Cost in Canadian Dollars
Park Entrance: $0.27
Kong Lor Boat Hire: $14.67 per boat with a maximum of three people per boat
In order to see the cave, you must rent a boat: after all, the cave is over 7km long with a massive river running through it. We paid for our slightly rickety motorized canoe-like contraption, which included a driver, and headed into the darkness with only the light from our smartphones and a headlamp strapped to the man steering us into the unknown. The least comforting part about climbing aboard a tiny boat is your driver scooping out buckets of water before hopping in: as always, safety first in Southeast Asia. The sounds of a scraping bucket against the bottom of the boat continued throughout most of the journey.
Like Angkor Wat, to say the cave was impressive is a complete understatement. After jumping in the death-like boat contraption, we headed into complete darkness, and I gave one last glance at the now-distant daylight that soon was sucked out of sight. Looking ahead, all we could see was wherever the driver pointed his headlamp. Without this there’s no way you could even see your hand while holding it in front of you. After puttering along for a good 10 minutes, we stopped on the side of the river for a quick walk around. Lights and a walkway have been constructed here, making it easy to wander while following your guide. Then, it was back in the boat until we finally reached the opening on the other side. After being stuck in complete darkness for a good 20 minutes while boating down a river, I have to say I was quite relieved to see daylight again.

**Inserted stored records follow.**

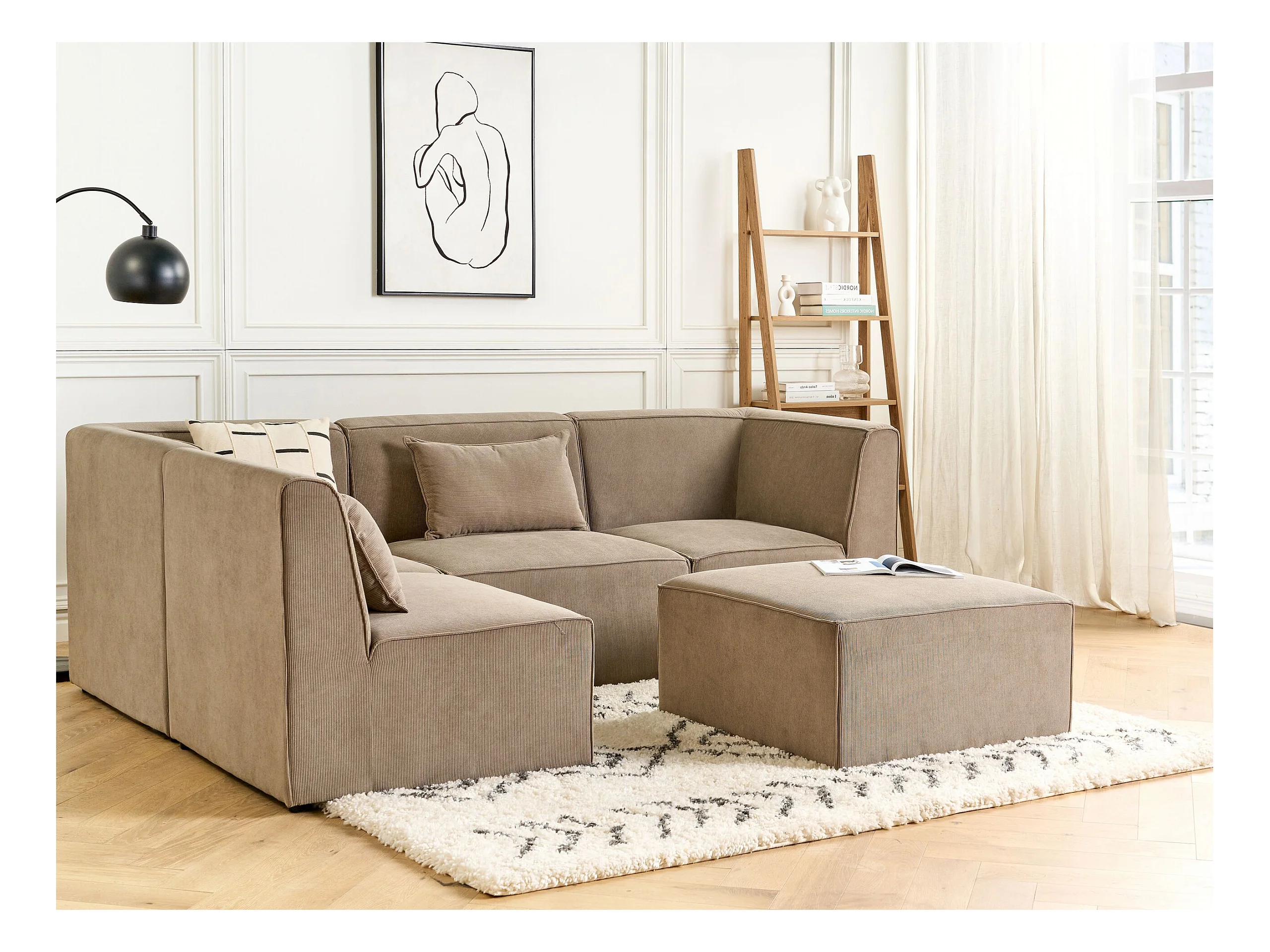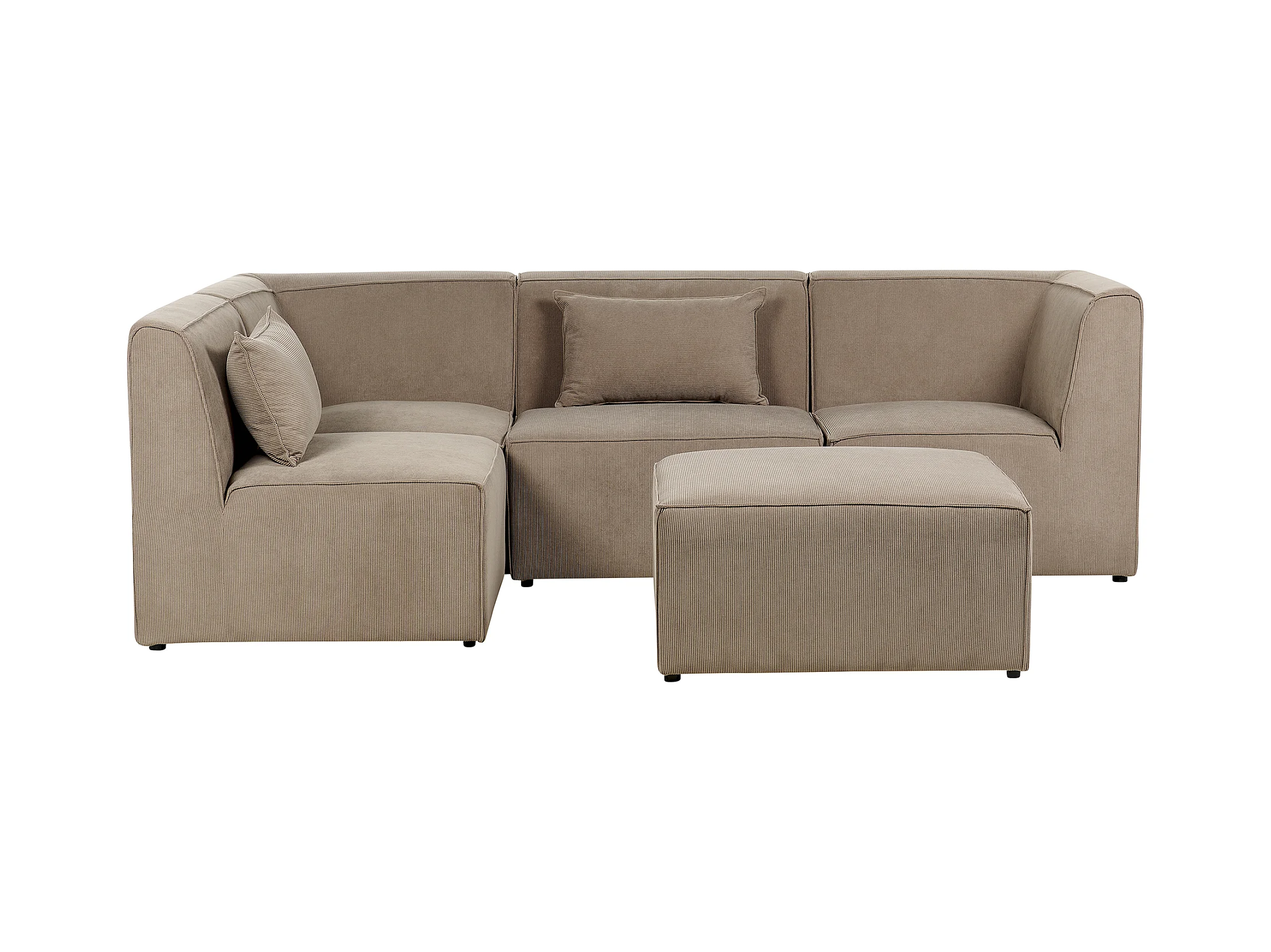 Modulaire hoekbank LEMVIG Corduroy Taupe Met ottomaan 4-zitter Rechterzijde
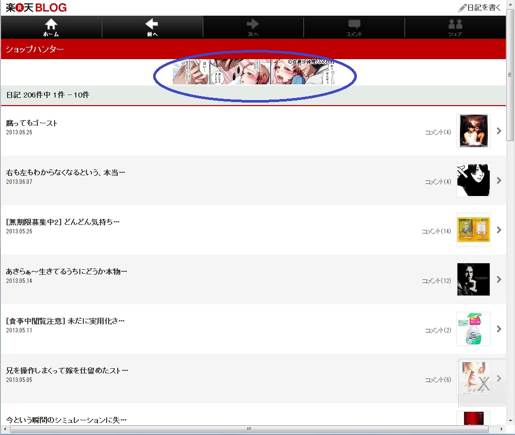 モバイル用のページに表示される広告がエロ漫画系が多いので、これは楽天ブログの方向性としてはまずいと思いますので、中の人どうか改善をお願いします~!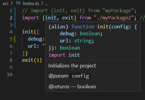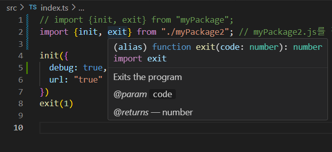 import {init, exit} from "./myPackage"; // myPackage.js를 직접 불러온다. (myPackage.d.ts가 없을경우 에러발생하지않음)
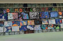 Среди учащихся нашей школы прошел конкурс рисунков, посвященному знаменательной дате 55-летие со дня полета Юрия Гагарина в космос. Из лучших рисунков в фойе первого этажа была организована выставка под названием "Космос без границ"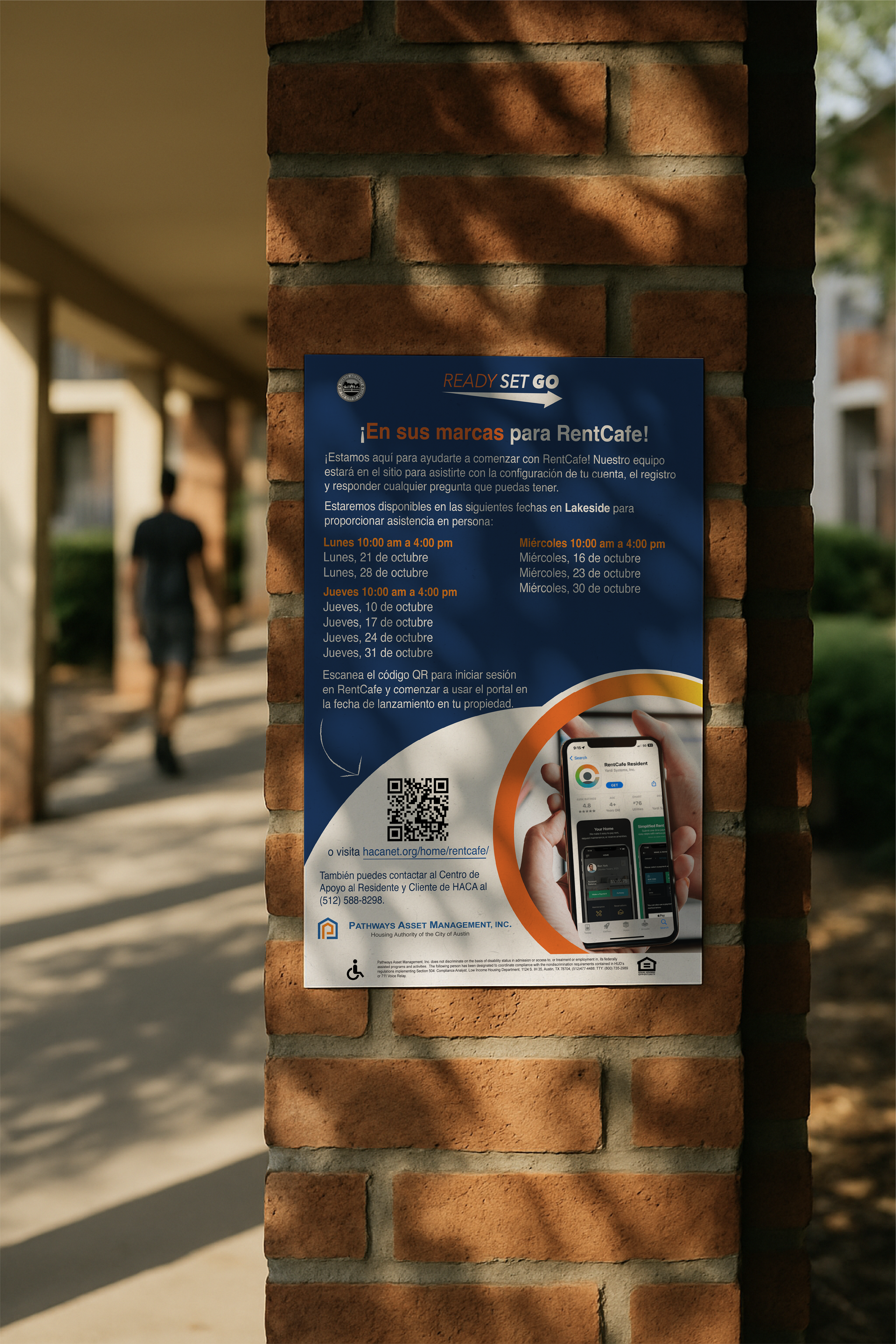 I developed a multi phase campaign that combined large scale events with targeted communications tailored to each property's needs. The approach recognized two key challenges: many residents had limited experience with technology, and frequent email changes made it difficult for people to maintain consistent account access. All materials directed residents to hacanet.org/rentcafe for additional resources and support.

There’s a small village on the other side where Kyle and I stopped for a soup lunch cooked by a local Laos woman. Afterwards it was back on the boat and back into the cave! No stopping this time, except for when we slowed down to see the bats hanging from the roof of the 300-foot-tall ceilings. When we arrived back Kyle also had a quick swim at the mouth of the cave in the emerald-colored water.
Looking back, Kong Lor Cave is a highlight of not only Laos, but the entire trip. Cruising down a river, in a cave surrounded by complete darkness while your driver scoops water out of the boat is not an experience that’s easily forgotten. For those visiting Laos, don’t miss this stop, and don’t let the thought of spiders deter you!